Breakfast between mother and daughter at the Rise-n-Dine restaurant in Savannah turns into chaos when a mass shooter unloads his weapon into the bodies of unsuspecting victims. Apropos of Atlanta author Karin Slaughter’s style, the scene is a vividly gruesome one in which skulls are “snapped open like a plastic bag.” Laura’s calm reaction to the situation is Andrea’s first clue there are things she doesn’t know about her mother. After Laura kills the assailant, who turns out to be the mentally ill scion of a powerful family, the police begin to question her motives. When Laura clams up, it’s up to Andrea to delve into her mother’s past to find the answers that might save her. (William Morrow, Aug. 21)

‘What Luck, This Life’

Set during the Columbia shuttle disaster of 2003, North Carolina author Kathryn Schwille’s debut novel unfolds in a series of stories told from the perspectives of the residents of a small community in east Texas where severed body parts and pieces of the doomed spacecraft rain down on them. Encounters with the detritus of the disaster punctuate and inform the human dramas that play out as characters grapple with mortality, fractured relationships and life’s disappointments. (Hub City Press, Sept. 18)

‘Our Prince of Scribes: Writers Remember Pat Conroy’
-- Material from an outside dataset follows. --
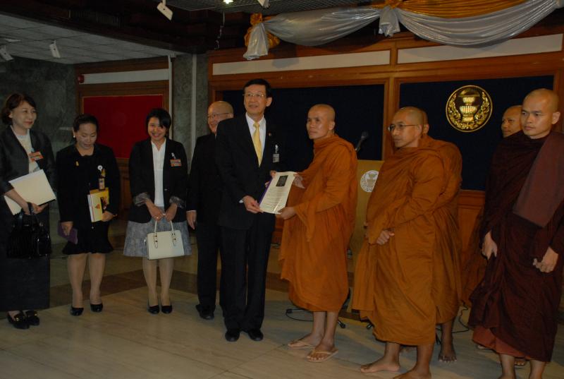 วันอังคารที่ ๓ มีนาคม ๒๕๕๘ เวลา ๑๓.๓๐ นาฬิกา นายไพบูลย์ นิติตะวัน ประธานคณะกรรมการปฏิรูปแนวทางและการป้องกันกิจการพระพุทธศาสนา รับหนังสือจากพระมหาสมบูรณ์ ฉนฺทโก วัดเขาสนามชัย อำเภอหัวหิน จังหวัดประจวบคีรีขันธ์ ในนามคณะพุทธบริษัทสภาเพื่อรักษาพระธรรมวินัย (พสธ.) เพื่อเสนอแนะแผนงานพัฒนาและส่งเสริมกิจการในพระพุทธศาสนา เพื่อเป็นแนวทางในการปฏิรูปกิจการพระพุทธศาสนา ภายหลังจากรับหนังสือแล้ว นายไพบูลย์ ได้กล่าวว่าจะน้อมนำคำแนะนำที่พระอาจารย์ได้แนะนำ นำเข้าสู่การพิจารณาในที่ประชุมคณะกรรมการฯ เพื่อนำไปเป็นแนวทางในการปฏิรูปกิจการที่เกี่ยวข้องกับพระพุทธศาสนาต่อไป |

Pat Conroy’s death in 2016 left a colossal void in the literary landscape, but his spirit survives not only in the legacy of his work but in new books like this collection of funny, bittersweet recollections by those who knew him. Most contributors are Southern authors, many of them influenced by the long shadow he cast in the publishing world. Among them are cookbook author Nathalie Dupree, memoirist Rick Bragg, fiction writers Josephine Humphreys, Ron Rash and Patti Callahan Henry, and Sallie Ann Robinson, who was Conroy’s student on Daufuskie Island, the setting for his break-out memoir, “The Water Is Wide.” Writes former AJC books editor Teresa Weaver: “My most indelible memories are not so much about things he said as about how people responded to him. He connected with his readers in an extraordinary way. They didn’t just adore his books; they adored him.” (University of Georgia Press, Sept. 18)

‘The Fat Kid’

Atlanta author Jamie Iredell’s bleak novel about a lonely, obese boy and his hateful, alcoholic father is told in sections that alternate between their points of view, with chapters of varying lengths, some containing little more than a single paragraph. Known only as the Fat Kid and the Thin Man, their lives are mysteriously influenced by a character known as the Man, and their hopes for salvation center on a mysterious contraption called the Machine. The chilling, remote tone of the prose lays groundwork for a brutal outcome. (Civil Coping Mechanisms, Oct. 4)

‘Becoming Mrs. Lewis’

Told from the wife’s point of view, New York Times best-selling author Patti Callahan (she’s dropped the surname Henry) tells the love story of “Chronicles of Narnia” creator C.S. Lewis and his wife, Joy Davidman. Mired in an unhappy marriage, Davidman experiences a religious conversion from atheism to Christianity. Having read Lewis’ books and eager for intellectual discourse on spirituality, she becomes pen pals with the author. Ultimately, she would divorce her first husband and marry Lewis, transforming their lives forever. (Thomas Nelson, Oct. 2)

‘Unsheltered’

Barbara Kingsolver’s eighth novel speaks to the economic ills of modern life — i.e., layoffs, college loans and lost pensions — and juxtaposes them in alternating chapters with another time in history when the social order seemed to be in flux: the late 19th century. Where these stories overlap is in an old, ramshackle house in south Jersey inherited by Willa Knox, a middle-aged, unemployed magazine editor. Her research into the history of the home leads her to former resident Thatcher Greenwood, a science teacher who gets in hot water for teaching Darwin’s theories of evolution in the 1870s. (HarperCollins, Oct. 16)

‘Heavy’

Having already written a novel, “Long Division,” and a collection of essays, “How to Slowly Kill Yourself and Others in America,” Kiese Laymon next unleashes his incendiary truth-seeking voice on a memoir that leaves no stone unturned in his examination of a life surrounded by poverty, sexual violence, racism, obesity and gambling. But “Heavy” is also about the lies family members tell each other and the heartache of growing up in Mississippi the son of a complicated mother, about whom he writes: “You made me feel like the most beautiful black boy in the history of Mississippi until you didn’t.” (Scribner, Oct. 16)

‘Monument’

Pulitzer Prize-winning poet and former U.S. Poet Laureate Natasha Trethewey publishes her first retrospective collection of work, along with 11 new poems. Culled from “Domestic Work,” “Bellocq’s Ophelia,” “Native Guard,” “Thrall” and “Congregation,” the poems are haunting reflections on a mother’s murder, the ravages of Hurricane Katrina, an early 20th-century prostitute in New Orleans, a regiment of black soldiers guarding Confederate POWs, mixed-race families and the black working class. The opening poem, a new one, titled “Imperatives for Carrying On in the Aftermath,” ends with an emotional punch to the gut that sets the tone for what follows. (Houghton Mifflin Harcourt, Nov. 7)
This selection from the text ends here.